• **WHAT TO WORK ON**
Print the data exactly as written, line for line, and leave its pictures behind.

• **COLLECTED DATA**
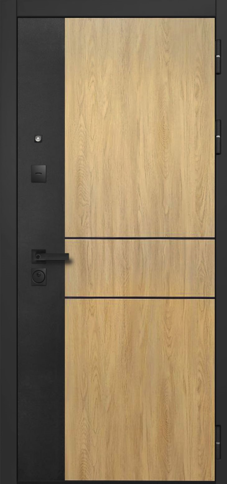 Внешнее покрытие: МДФ-панель 10 мм, цвет пленки: дуб мадейра янтарь. Наличники: сатин черный
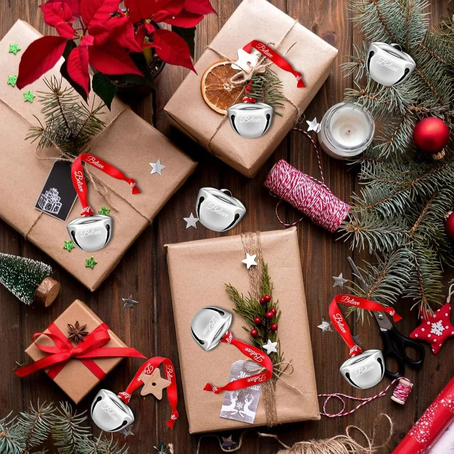24 Pcs Christmas Believe Bell Ornaments 1.5 Inch Polar Santa Sleigh Jingle Bells with Believe Ribbon Christmas Tree Decorations
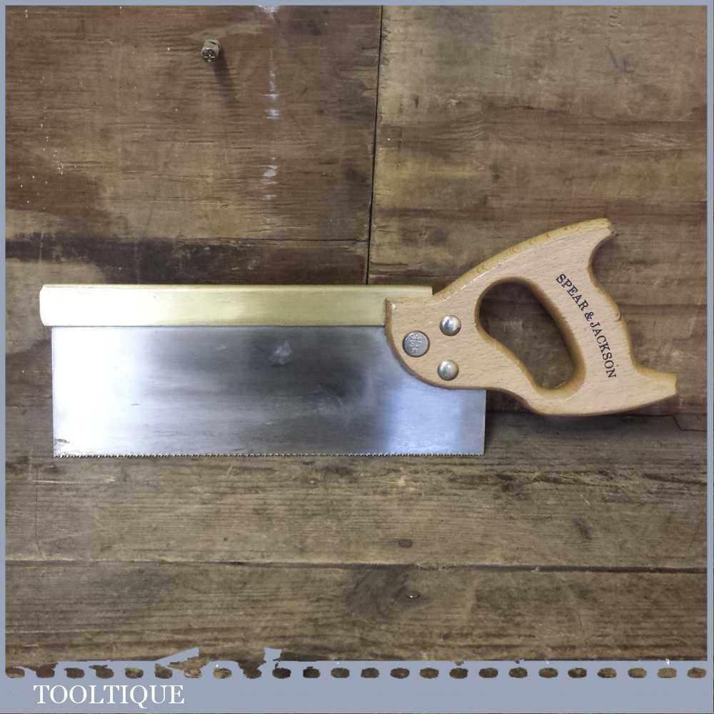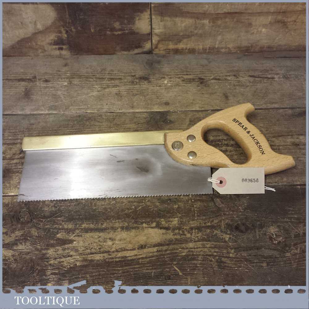 Vintage Spear and Jackson 10” long brass back saw with 15 tpi which has been sharpened as a rip and is nice and straight ready to use.
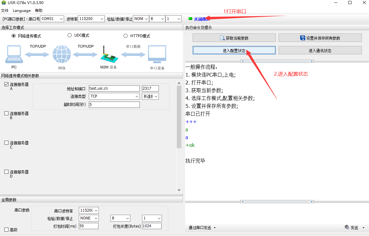 4.串口和服務(wù)器建立連接,互發(fā)數(shù)據(jù)

• **RESPONSE**
 Внешнее покрытие: МДФ-панель 10 мм, цвет пленки: дуб мадейра янтарь. Наличники: сатин черный
24 Pcs Christmas Believe Bell Ornaments 1.5 Inch Polar Santa Sleigh Jingle Bells with Believe Ribbon Christmas Tree Decorations
 Vintage Spear and Jackson 10” long brass back saw with 15 tpi which has been sharpened as a rip and is nice and straight ready to use.
 4.串口和服務(wù)器建立連接,互發(fā)數(shù)據(jù)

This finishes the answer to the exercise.